## WHAT YOU ARE ASKED TO DO
Output everything in the data exactly, leaving the pictures out.

## DATASET EXTRACT
__________________________________________________

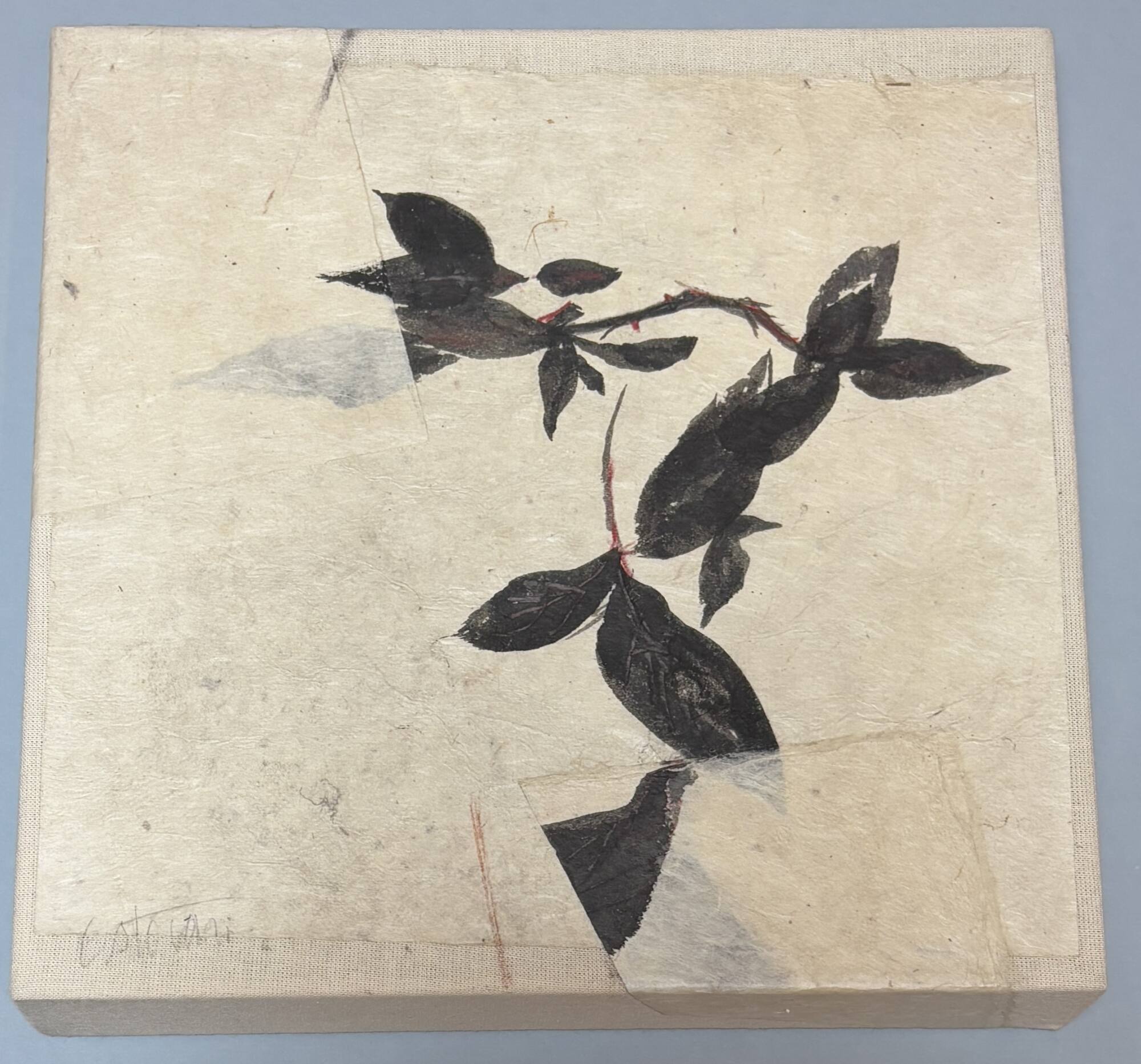 DescriptionThese three small ink and watercolor paintings on paper, mounted on small canvases are studies for the Goldberg Variations. These works depict rose stems with leaves rendered in different compositions. Wet black ink and paint is applied with a brush, which gives variation to the value and texture of the media and imbues the studies with a sense of energy. These studies reveal how Ostovani approached his subject and worked out the imagery of the Goldberg Variations.
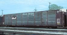 Previous Next CR 786319 is seen at Cleveland, OH on 5/17/84. Car was built 9-76. Photo By John C. Benson Collection of Chris Carangi Location City Cleveland OH Equipment Type Tri-Levels on CR Flats Conrail Number 786319 Collection CRHS Conrail Photo Archive Contributions
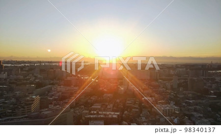 川越から見る初日の出とさいたま新都心・東京の高層ビルの眺め 埼玉県川越市(ドローンによる空撮)
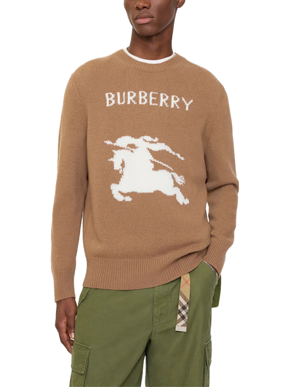 Experience luxurious comfort with Burberry men's EKD sweater in classic camel. Crafted from premium wool-cashmere blend, this Burberry sweater mens features ribbed trim and regular fit. The crewneck design showcases signature Burberry knit lettering with contrast Equestrian Knight emblem. This sophisticated Burberry jumper offers timeless style for both casual and formal occasions, embodying British heritage craftsmanship in every detail.

__________________________________________________

## EXPECTED ANSWER
 DescriptionThese three small ink and watercolor paintings on paper, mounted on small canvases are studies for the Goldberg Variations. These works depict rose stems with leaves rendered in different compositions. Wet black ink and paint is applied with a brush, which gives variation to the value and texture of the media and imbues the studies with a sense of energy. These studies reveal how Ostovani approached his subject and worked out the imagery of the Goldberg Variations.
 Previous Next CR 786319 is seen at Cleveland, OH on 5/17/84. Car was built 9-76. Photo By John C. Benson Collection of Chris Carangi Location City Cleveland OH Equipment Type Tri-Levels on CR Flats Conrail Number 786319 Collection CRHS Conrail Photo Archive Contributions
 川越から見る初日の出とさいたま新都心・東京の高層ビルの眺め 埼玉県川越市(ドローンによる空撮)
 Experience luxurious comfort with Burberry men's EKD sweater in classic camel. Crafted from premium wool-cashmere blend, this Burberry sweater mens features ribbed trim and regular fit. The crewneck design showcases signature Burberry knit lettering with contrast Equestrian Knight emblem. This sophisticated Burberry jumper offers timeless style for both casual and formal occasions, embodying British heritage craftsmanship in every detail.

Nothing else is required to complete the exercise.